--- YOUR OBJECTIVE ---
For this task, every record below must be reproduced exactly.

(Stored data)
+--

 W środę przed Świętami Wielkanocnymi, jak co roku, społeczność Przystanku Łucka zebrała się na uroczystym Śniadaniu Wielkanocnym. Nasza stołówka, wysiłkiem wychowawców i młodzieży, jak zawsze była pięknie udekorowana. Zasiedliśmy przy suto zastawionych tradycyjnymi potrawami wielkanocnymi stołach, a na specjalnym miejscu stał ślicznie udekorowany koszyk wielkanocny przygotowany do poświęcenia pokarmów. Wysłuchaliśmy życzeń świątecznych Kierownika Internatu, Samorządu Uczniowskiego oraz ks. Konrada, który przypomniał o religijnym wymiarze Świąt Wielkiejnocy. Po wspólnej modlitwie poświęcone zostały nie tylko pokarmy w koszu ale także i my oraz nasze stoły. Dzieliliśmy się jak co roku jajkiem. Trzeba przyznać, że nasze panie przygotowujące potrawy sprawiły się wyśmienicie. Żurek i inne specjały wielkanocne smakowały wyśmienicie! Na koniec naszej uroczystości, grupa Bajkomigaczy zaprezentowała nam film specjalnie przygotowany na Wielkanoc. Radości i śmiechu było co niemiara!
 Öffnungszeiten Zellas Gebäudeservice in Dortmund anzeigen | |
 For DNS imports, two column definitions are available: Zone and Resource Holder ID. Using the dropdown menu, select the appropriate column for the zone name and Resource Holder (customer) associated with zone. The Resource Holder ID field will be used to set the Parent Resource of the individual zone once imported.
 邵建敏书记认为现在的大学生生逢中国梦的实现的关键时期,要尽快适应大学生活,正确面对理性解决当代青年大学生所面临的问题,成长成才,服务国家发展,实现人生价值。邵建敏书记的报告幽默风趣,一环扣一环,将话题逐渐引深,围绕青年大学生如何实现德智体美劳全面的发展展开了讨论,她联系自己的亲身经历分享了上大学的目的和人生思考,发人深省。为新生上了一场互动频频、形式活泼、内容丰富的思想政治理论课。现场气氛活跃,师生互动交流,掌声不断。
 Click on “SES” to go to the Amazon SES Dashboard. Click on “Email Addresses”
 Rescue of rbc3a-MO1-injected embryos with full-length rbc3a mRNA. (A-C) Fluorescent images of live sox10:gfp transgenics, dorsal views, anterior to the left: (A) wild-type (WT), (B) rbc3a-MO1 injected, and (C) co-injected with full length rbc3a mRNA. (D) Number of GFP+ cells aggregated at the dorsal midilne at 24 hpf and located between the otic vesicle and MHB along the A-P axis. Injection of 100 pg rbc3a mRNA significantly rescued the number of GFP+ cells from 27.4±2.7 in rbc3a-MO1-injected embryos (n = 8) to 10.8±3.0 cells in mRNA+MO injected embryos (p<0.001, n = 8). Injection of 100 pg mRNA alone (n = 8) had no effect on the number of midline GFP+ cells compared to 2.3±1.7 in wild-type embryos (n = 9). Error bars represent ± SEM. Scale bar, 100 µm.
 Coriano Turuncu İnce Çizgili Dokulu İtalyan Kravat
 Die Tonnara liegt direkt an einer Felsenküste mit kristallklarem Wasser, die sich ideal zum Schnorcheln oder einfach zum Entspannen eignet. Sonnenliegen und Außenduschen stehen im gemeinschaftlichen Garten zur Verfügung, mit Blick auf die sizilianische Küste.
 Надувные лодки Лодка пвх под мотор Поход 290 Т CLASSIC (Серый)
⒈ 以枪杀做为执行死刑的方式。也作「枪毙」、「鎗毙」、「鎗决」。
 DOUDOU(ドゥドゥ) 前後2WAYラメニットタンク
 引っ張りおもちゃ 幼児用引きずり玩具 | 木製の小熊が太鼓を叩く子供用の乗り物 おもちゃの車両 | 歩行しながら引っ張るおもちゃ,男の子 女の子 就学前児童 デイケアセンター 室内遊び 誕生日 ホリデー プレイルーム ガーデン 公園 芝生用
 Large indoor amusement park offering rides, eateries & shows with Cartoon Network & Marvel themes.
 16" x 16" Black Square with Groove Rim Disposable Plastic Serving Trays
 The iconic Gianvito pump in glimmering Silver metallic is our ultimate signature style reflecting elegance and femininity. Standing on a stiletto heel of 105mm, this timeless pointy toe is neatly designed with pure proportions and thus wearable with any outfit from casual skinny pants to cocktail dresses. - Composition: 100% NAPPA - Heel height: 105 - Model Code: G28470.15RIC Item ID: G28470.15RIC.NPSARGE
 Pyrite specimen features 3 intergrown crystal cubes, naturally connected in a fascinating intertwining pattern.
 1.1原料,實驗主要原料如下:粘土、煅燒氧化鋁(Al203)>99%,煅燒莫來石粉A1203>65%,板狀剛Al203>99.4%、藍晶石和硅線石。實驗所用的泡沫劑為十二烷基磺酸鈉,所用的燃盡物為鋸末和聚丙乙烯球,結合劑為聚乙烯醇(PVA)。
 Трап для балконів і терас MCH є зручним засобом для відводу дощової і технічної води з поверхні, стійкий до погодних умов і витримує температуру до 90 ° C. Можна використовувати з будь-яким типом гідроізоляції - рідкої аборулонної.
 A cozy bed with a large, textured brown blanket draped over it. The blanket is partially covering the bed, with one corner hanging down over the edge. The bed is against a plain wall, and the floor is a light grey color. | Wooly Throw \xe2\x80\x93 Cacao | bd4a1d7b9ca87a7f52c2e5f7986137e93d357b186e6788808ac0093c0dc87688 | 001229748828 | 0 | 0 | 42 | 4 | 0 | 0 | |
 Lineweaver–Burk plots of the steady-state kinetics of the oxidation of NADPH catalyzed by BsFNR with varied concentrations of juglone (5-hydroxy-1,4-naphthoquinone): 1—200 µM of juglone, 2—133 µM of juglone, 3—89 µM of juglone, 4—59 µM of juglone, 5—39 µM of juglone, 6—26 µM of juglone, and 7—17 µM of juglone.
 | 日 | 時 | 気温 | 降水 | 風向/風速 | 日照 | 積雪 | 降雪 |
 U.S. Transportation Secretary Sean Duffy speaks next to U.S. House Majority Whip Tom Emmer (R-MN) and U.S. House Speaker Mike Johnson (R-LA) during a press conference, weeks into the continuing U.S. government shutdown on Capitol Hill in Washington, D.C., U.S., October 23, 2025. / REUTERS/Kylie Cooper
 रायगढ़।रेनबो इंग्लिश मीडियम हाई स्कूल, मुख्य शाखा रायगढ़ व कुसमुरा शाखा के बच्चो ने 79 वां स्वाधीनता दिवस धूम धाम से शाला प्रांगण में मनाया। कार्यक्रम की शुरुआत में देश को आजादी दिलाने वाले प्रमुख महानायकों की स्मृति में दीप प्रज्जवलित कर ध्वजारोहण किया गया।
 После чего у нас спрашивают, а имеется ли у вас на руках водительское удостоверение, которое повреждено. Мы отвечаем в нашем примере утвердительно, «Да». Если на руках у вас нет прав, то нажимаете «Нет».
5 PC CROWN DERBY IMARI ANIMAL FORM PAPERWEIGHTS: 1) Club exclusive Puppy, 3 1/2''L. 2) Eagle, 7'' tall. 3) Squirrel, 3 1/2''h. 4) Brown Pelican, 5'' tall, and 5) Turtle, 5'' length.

+--

--- SOLUTION ---
 W środę przed Świętami Wielkanocnymi, jak co roku, społeczność Przystanku Łucka zebrała się na uroczystym Śniadaniu Wielkanocnym. Nasza stołówka, wysiłkiem wychowawców i młodzieży, jak zawsze była pięknie udekorowana. Zasiedliśmy przy suto zastawionych tradycyjnymi potrawami wielkanocnymi stołach, a na specjalnym miejscu stał ślicznie udekorowany koszyk wielkanocny przygotowany do poświęcenia pokarmów. Wysłuchaliśmy życzeń świątecznych Kierownika Internatu, Samorządu Uczniowskiego oraz ks. Konrada, który przypomniał o religijnym wymiarze Świąt Wielkiejnocy. Po wspólnej modlitwie poświęcone zostały nie tylko pokarmy w koszu ale także i my oraz nasze stoły. Dzieliliśmy się jak co roku jajkiem. Trzeba przyznać, że nasze panie przygotowujące potrawy sprawiły się wyśmienicie. Żurek i inne specjały wielkanocne smakowały wyśmienicie! Na koniec naszej uroczystości, grupa Bajkomigaczy zaprezentowała nam film specjalnie przygotowany na Wielkanoc. Radości i śmiechu było co niemiara!
 Öffnungszeiten Zellas Gebäudeservice in Dortmund anzeigen | |
 For DNS imports, two column definitions are available: Zone and Resource Holder ID. Using the dropdown menu, select the appropriate column for the zone name and Resource Holder (customer) associated with zone. The Resource Holder ID field will be used to set the Parent Resource of the individual zone once imported.
 邵建敏书记认为现在的大学生生逢中国梦的实现的关键时期,要尽快适应大学生活,正确面对理性解决当代青年大学生所面临的问题,成长成才,服务国家发展,实现人生价值。邵建敏书记的报告幽默风趣,一环扣一环,将话题逐渐引深,围绕青年大学生如何实现德智体美劳全面的发展展开了讨论,她联系自己的亲身经历分享了上大学的目的和人生思考,发人深省。为新生上了一场互动频频、形式活泼、内容丰富的思想政治理论课。现场气氛活跃,师生互动交流,掌声不断。
 Click on “SES” to go to the Amazon SES Dashboard. Click on “Email Addresses”
 Rescue of rbc3a-MO1-injected embryos with full-length rbc3a mRNA. (A-C) Fluorescent images of live sox10:gfp transgenics, dorsal views, anterior to the left: (A) wild-type (WT), (B) rbc3a-MO1 injected, and (C) co-injected with full length rbc3a mRNA. (D) Number of GFP+ cells aggregated at the dorsal midilne at 24 hpf and located between the otic vesicle and MHB along the A-P axis. Injection of 100 pg rbc3a mRNA significantly rescued the number of GFP+ cells from 27.4±2.7 in rbc3a-MO1-injected embryos (n = 8) to 10.8±3.0 cells in mRNA+MO injected embryos (p<0.001, n = 8). Injection of 100 pg mRNA alone (n = 8) had no effect on the number of midline GFP+ cells compared to 2.3±1.7 in wild-type embryos (n = 9). Error bars represent ± SEM. Scale bar, 100 µm.
 Coriano Turuncu İnce Çizgili Dokulu İtalyan Kravat
 Die Tonnara liegt direkt an einer Felsenküste mit kristallklarem Wasser, die sich ideal zum Schnorcheln oder einfach zum Entspannen eignet. Sonnenliegen und Außenduschen stehen im gemeinschaftlichen Garten zur Verfügung, mit Blick auf die sizilianische Küste.
 Надувные лодки Лодка пвх под мотор Поход 290 Т CLASSIC (Серый)
⒈ 以枪杀做为执行死刑的方式。也作「枪毙」、「鎗毙」、「鎗决」。
 DOUDOU(ドゥドゥ) 前後2WAYラメニットタンク
 引っ張りおもちゃ 幼児用引きずり玩具 | 木製の小熊が太鼓を叩く子供用の乗り物 おもちゃの車両 | 歩行しながら引っ張るおもちゃ,男の子 女の子 就学前児童 デイケアセンター 室内遊び 誕生日 ホリデー プレイルーム ガーデン 公園 芝生用
 Large indoor amusement park offering rides, eateries & shows with Cartoon Network & Marvel themes.
 16" x 16" Black Square with Groove Rim Disposable Plastic Serving Trays
 The iconic Gianvito pump in glimmering Silver metallic is our ultimate signature style reflecting elegance and femininity. Standing on a stiletto heel of 105mm, this timeless pointy toe is neatly designed with pure proportions and thus wearable with any outfit from casual skinny pants to cocktail dresses. - Composition: 100% NAPPA - Heel height: 105 - Model Code: G28470.15RIC Item ID: G28470.15RIC.NPSARGE
 Pyrite specimen features 3 intergrown crystal cubes, naturally connected in a fascinating intertwining pattern.
 1.1原料,實驗主要原料如下:粘土、煅燒氧化鋁(Al203)>99%,煅燒莫來石粉A1203>65%,板狀剛Al203>99.4%、藍晶石和硅線石。實驗所用的泡沫劑為十二烷基磺酸鈉,所用的燃盡物為鋸末和聚丙乙烯球,結合劑為聚乙烯醇(PVA)。
 Трап для балконів і терас MCH є зручним засобом для відводу дощової і технічної води з поверхні, стійкий до погодних умов і витримує температуру до 90 ° C. Можна використовувати з будь-яким типом гідроізоляції - рідкої аборулонної.
 A cozy bed with a large, textured brown blanket draped over it. The blanket is partially covering the bed, with one corner hanging down over the edge. The bed is against a plain wall, and the floor is a light grey color. | Wooly Throw \xe2\x80\x93 Cacao | bd4a1d7b9ca87a7f52c2e5f7986137e93d357b186e6788808ac0093c0dc87688 | 001229748828 | 0 | 0 | 42 | 4 | 0 | 0 | |
 Lineweaver–Burk plots of the steady-state kinetics of the oxidation of NADPH catalyzed by BsFNR with varied concentrations of juglone (5-hydroxy-1,4-naphthoquinone): 1—200 µM of juglone, 2—133 µM of juglone, 3—89 µM of juglone, 4—59 µM of juglone, 5—39 µM of juglone, 6—26 µM of juglone, and 7—17 µM of juglone.
 | 日 | 時 | 気温 | 降水 | 風向/風速 | 日照 | 積雪 | 降雪 |
 U.S. Transportation Secretary Sean Duffy speaks next to U.S. House Majority Whip Tom Emmer (R-MN) and U.S. House Speaker Mike Johnson (R-LA) during a press conference, weeks into the continuing U.S. government shutdown on Capitol Hill in Washington, D.C., U.S., October 23, 2025. / REUTERS/Kylie Cooper
 रायगढ़।रेनबो इंग्लिश मीडियम हाई स्कूल, मुख्य शाखा रायगढ़ व कुसमुरा शाखा के बच्चो ने 79 वां स्वाधीनता दिवस धूम धाम से शाला प्रांगण में मनाया। कार्यक्रम की शुरुआत में देश को आजादी दिलाने वाले प्रमुख महानायकों की स्मृति में दीप प्रज्जवलित कर ध्वजारोहण किया गया।
 После чего у нас спрашивают, а имеется ли у вас на руках водительское удостоверение, которое повреждено. Мы отвечаем в нашем примере утвердительно, «Да». Если на руках у вас нет прав, то нажимаете «Нет».
5 PC CROWN DERBY IMARI ANIMAL FORM PAPERWEIGHTS: 1) Club exclusive Puppy, 3 1/2''L. 2) Eagle, 7'' tall. 3) Squirrel, 3 1/2''h. 4) Brown Pelican, 5'' tall, and 5) Turtle, 5'' length.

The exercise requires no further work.